Oil Prices Rise as Concerns Grow over Supply Disruptions

Oil prices climbed on Tuesday reversing earlier declines, as fears of tighter Russian and Iranian supply due to escalating Western sanctions lent support.

Brent futures were up 61 cents, or 0.80%, to $76.91 a barrel at 1119 GMT, while US West Texas Intermediate (WTI) crude climbed 46 cents, or 0.63%, to $74.02.

It seems market participants have started to price in some small supply disruption risks on Iranian crude exports to China, said UBS analyst Giovanni Staunovo.

In China, Shandong Port Group issued a notice on Monday banning US sanctioned oil vessels from its network of ports, according to three traders, potentially restricting blacklisted vessels from major energy terminals on China's east coast.

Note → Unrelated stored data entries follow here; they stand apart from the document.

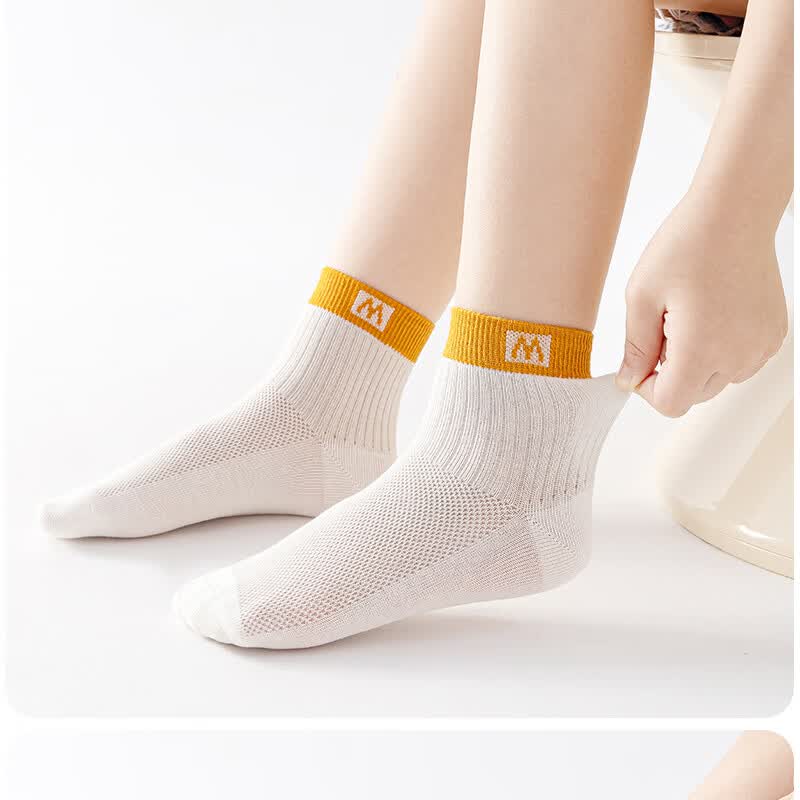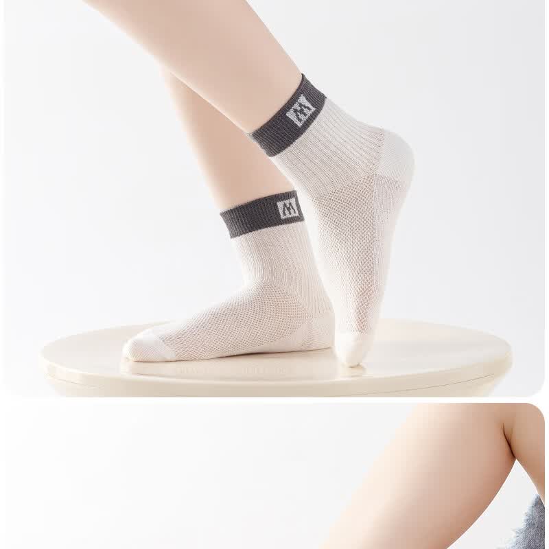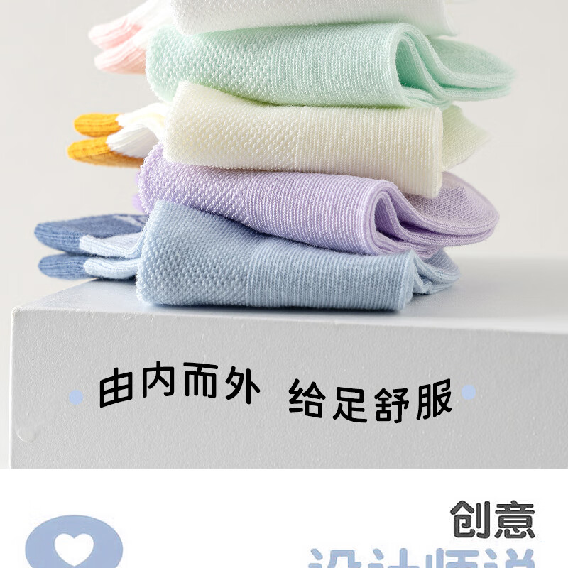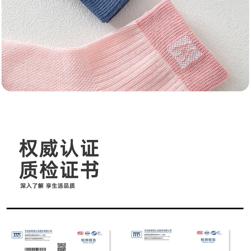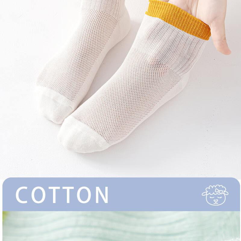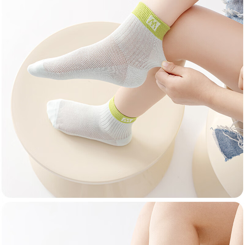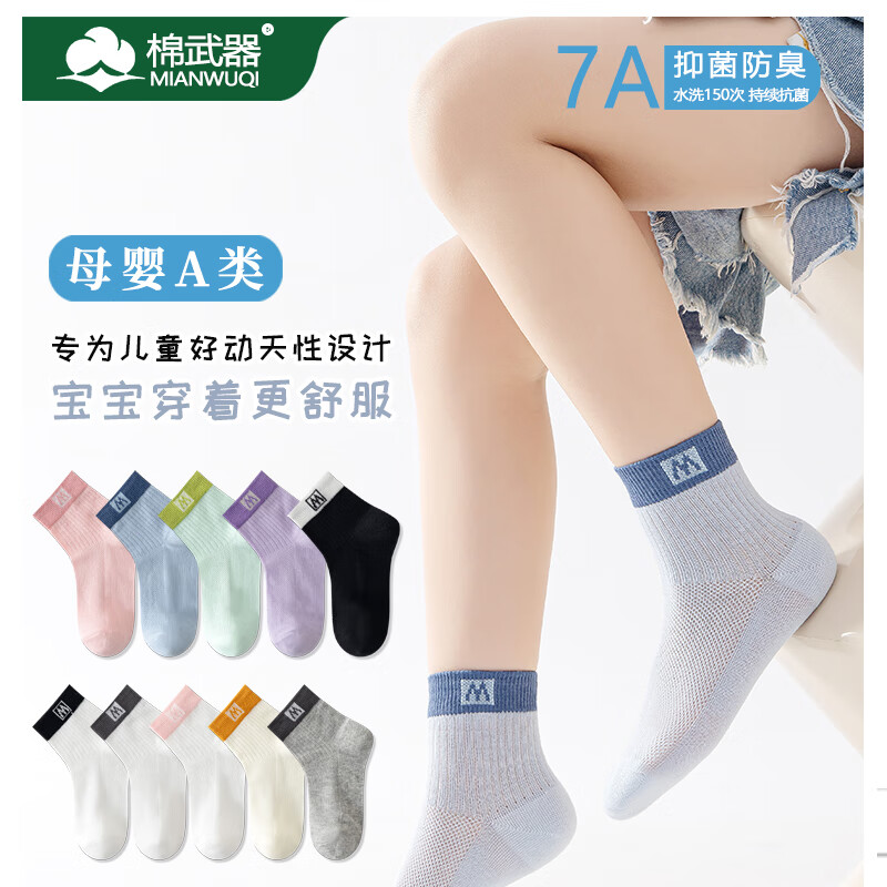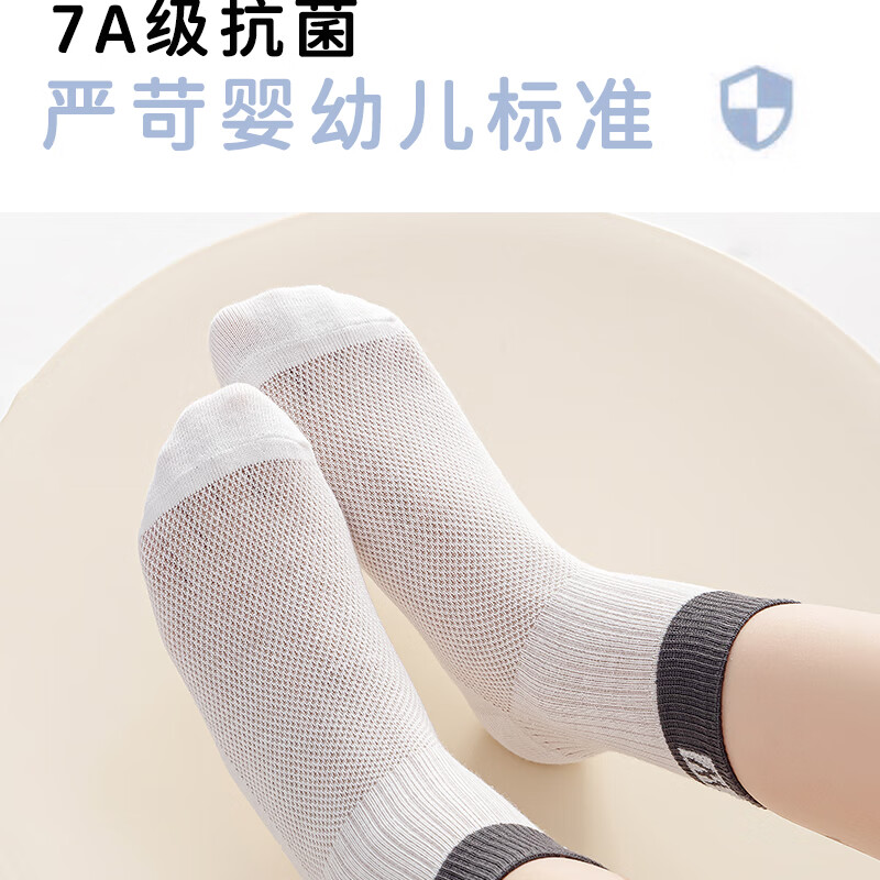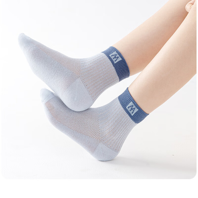 棉武器【邮政甄选】夏季薄款网眼袜吸汗透气母婴A类防臭中短筒男女童袜 2502蓝+白+灰+暖白+绿 5双 6-8岁 (M) 27~31码
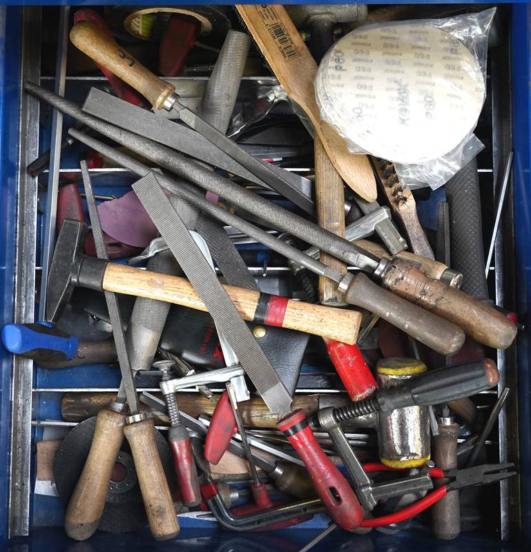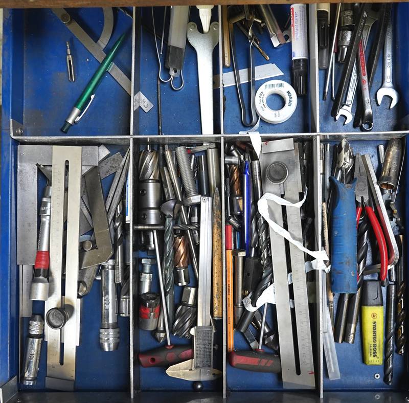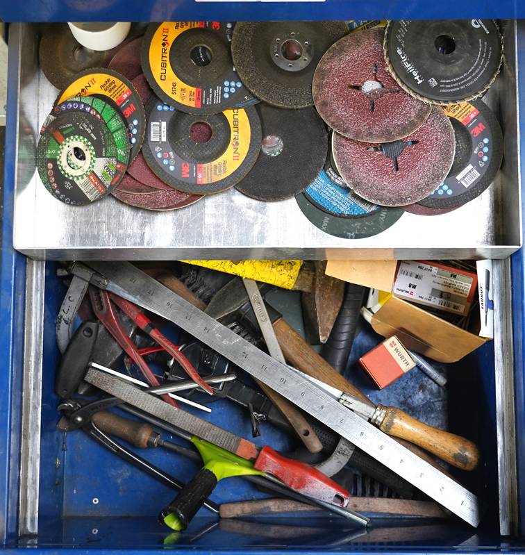 Werkbank mobil ca. 130 x 70 cm. Gefüllt mit Werkzeug und Verbrauchsmaterialien.
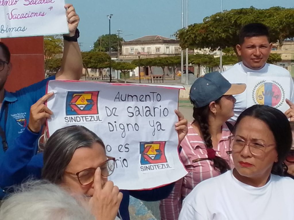 A pocos días de la celebración del 1 de mayo y en medio de las espectativas creadas por los anunció de reajuste salarial , este martes 21 de Abril representante de los sindicatos del sector educación en el municipio Cabimas realizaron una nueva manifestación para exigir un salario real y digno en el país.
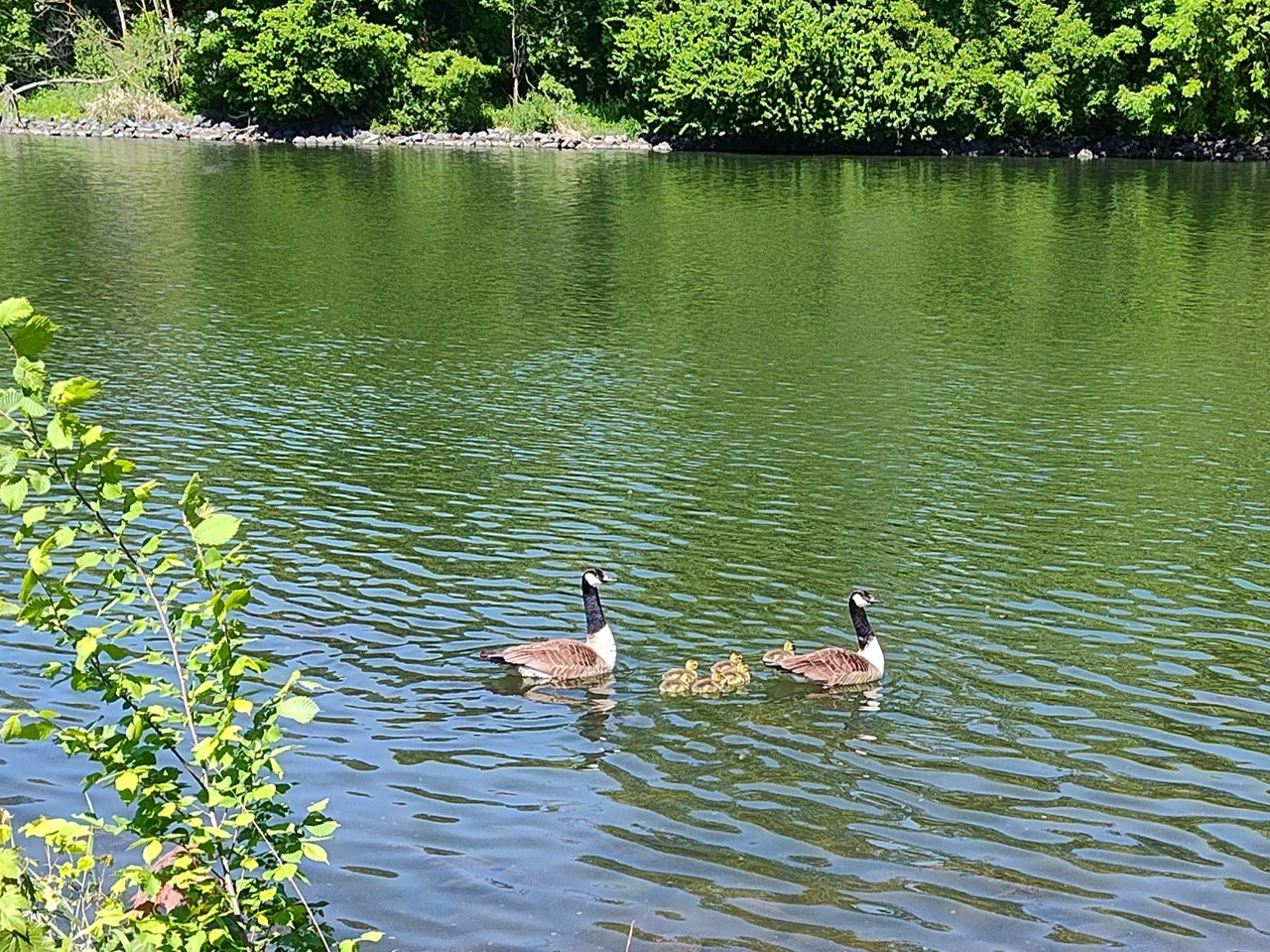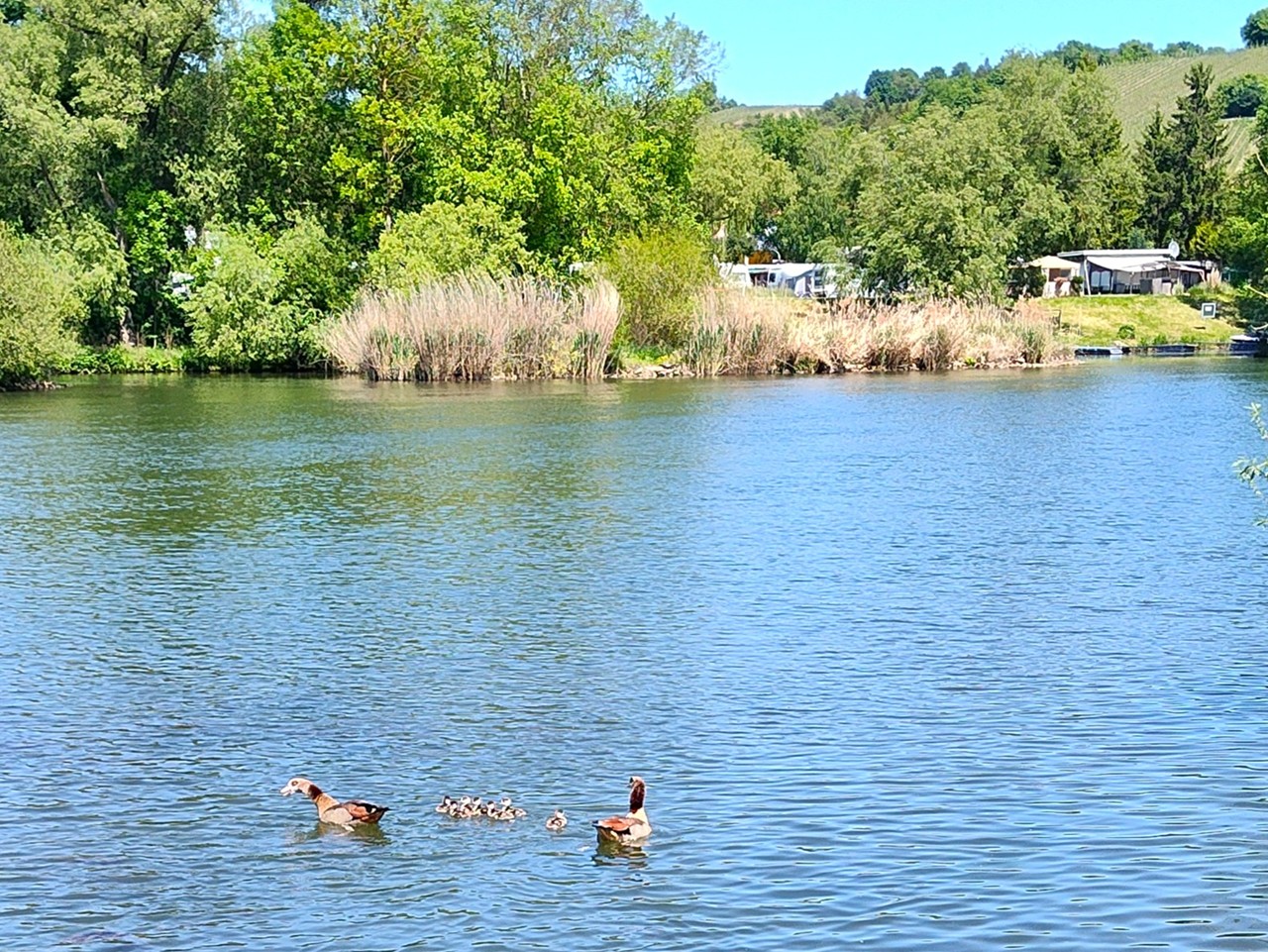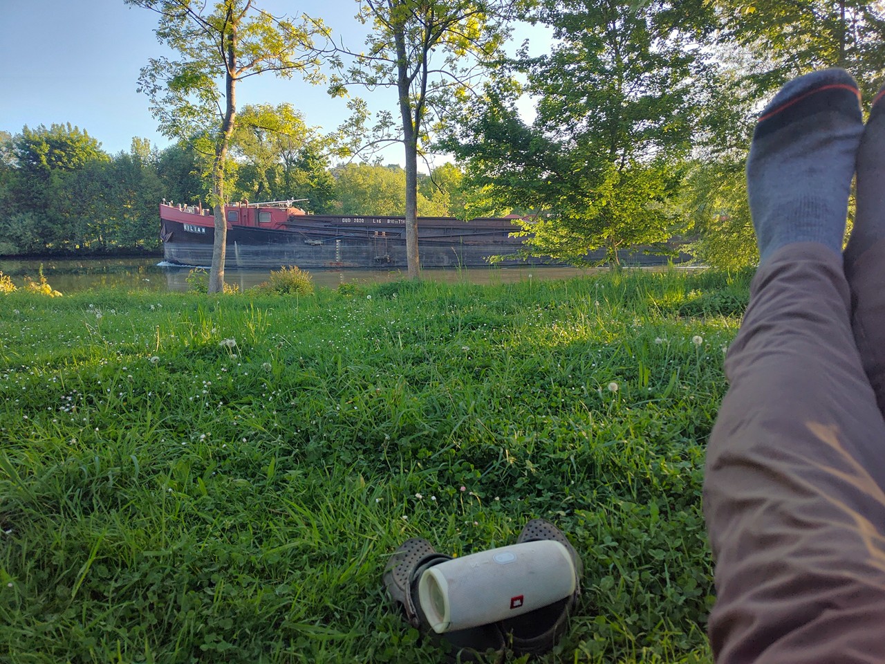 Es ist Mai, und das Leben blüht. Nicht nur auf den Wiesen, auch auf dem Fluss, wo uns verschiedene Wasservögel mit reichlich Nachwuchs begegnen. Als wir zurückkehren, geht die Sonne langsam unter.Während ich vor dem Womo Yoga praktiziere, schiebt sich ganz langsam ein großes Frachtschiff (typische Länge 110 Meter) stromabwärts an mir vorbei.

Shandong Port Group oversees major ports on China's east coast, including Qingdao, Rizhao and Yantai, which are major terminals for importing sanctioned oil.

Meanwhile, cold weather in the US and Europe has boosted heating oil demand, providing further support for prices.

However, oil price gains were capped by global economic data.

Euro zone inflation

accelerated

in December, an unwelcome but anticipated blip that is unlikely to derail further interest rate cuts from the European Central Bank.

"Higher inflation in Germany raised suggestions that the ECB may not be able to cut rates as fast as hoped across the Eurozone, while US manufactured good orders fell in November," Ashley Kelty, an analyst at Panmure Liberum said.

Technical indicators for oil futures are now in overbought territory, and sellers are keen to step in once again to take advantage of the strength, tempering additional price advances, said Harry Tchilinguirian, head of research at Onyx Capital Group.

Market participants are waiting for more data this week, such as the US December non-farm payrolls report on Friday, for clues on US interest rate policy and the oil demand outlook.